"By sight, I think . . . he's your keeper, isn't he? From all I can hear to-night he seems a very remarkable person, everyone is talking about him."
"Oh, you ought to know him, he's the greatest dear in Redmarley. Everyone who knows us knows Willets, and dukes and people have tried to get him away, he's such a good sportsman, but he won't leave us. We love him so much we couldn't bear it. He couldn't either. He's been keeper here nearly twenty-three years. Before mother came he was here, and now there's all of us he'll never leave."
"Have you got enough? Won't they want some for themselves as well as
Willets?"
"Thanks to you, I've got a splendid lot. One can't always ask people, you know, but I thought you wouldn't mind."
"Shall I demand some more in a loud voice? there are some at the end of the table," Eloquent murmured; "I'm very shy, but I can be bold in a good cause."
Mary looked at him in some surprise. "Would you really? Ah, it's too late, there's mother——"
Eloquent watched her with breathless interest as she "went round the longest way" and received new spoils from Grantly as she passed. How curious they were about their servants these people, where Fusby seemed to control the supplies and the children of the house secretly saved sweets for the keeper.

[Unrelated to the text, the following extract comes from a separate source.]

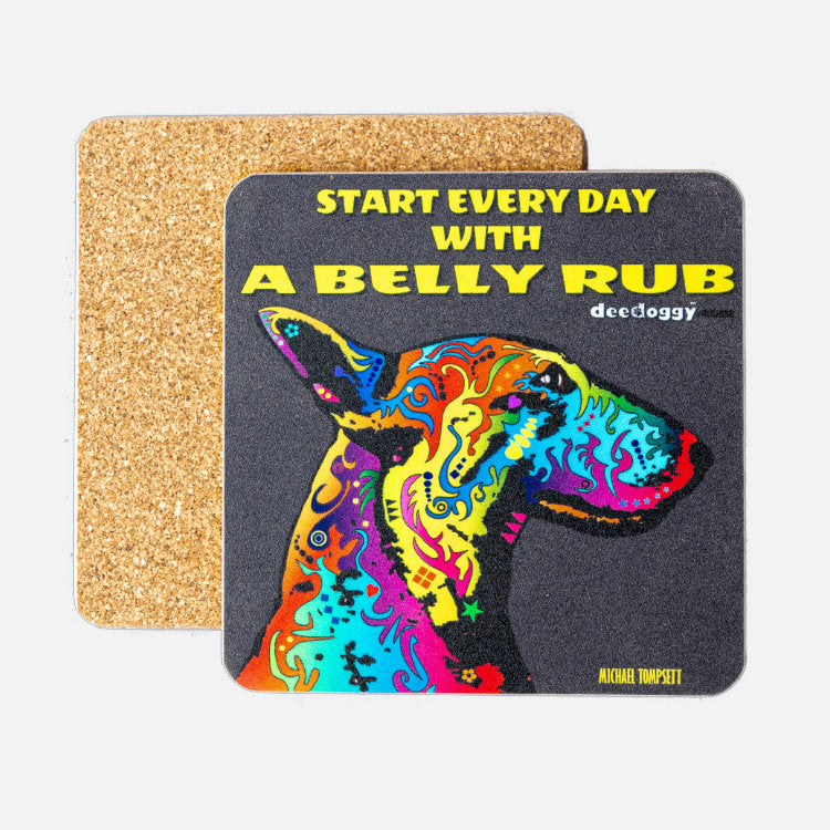 Our dog companions are colourful creatures. And colourful is this Bull Terrier art by Michael Tompsett. Any multi-coloured mug, ablaze amber ale, or ruby Burgundy in a stemmed glass will find their colour match in Michael's dog art coaster. 10 cm x 10 cm x 5 mm and made from laminated cork and hardboard panels, manufactured and digitally printed in Britain. The base material of all our doggy gift coasters is an eco-friendly, renewable material derived from the bark of the cork oak tree and recycled paper. This Bull Terrier gift coaster is perfect for underpinning any beverage 'container', in front of the telly or on the terrace watching a doggy friend messing in the garden.

The men did not sit long over their wine, and it was to the hall they went and not to the white-panelled room that Eloquent unconsciously resented as an anachronism; and in the hall bridge-tables were set out.
This was a complication Eloquent had not foreseen. Among his father's friends cards were regarded as the Devil's Books, and he did not know the ace of spades from the knave of hearts.
Would they force him to play, he wondered. Would he cover himself with shame and ignominy? and what if he said it was against his principles to play for money?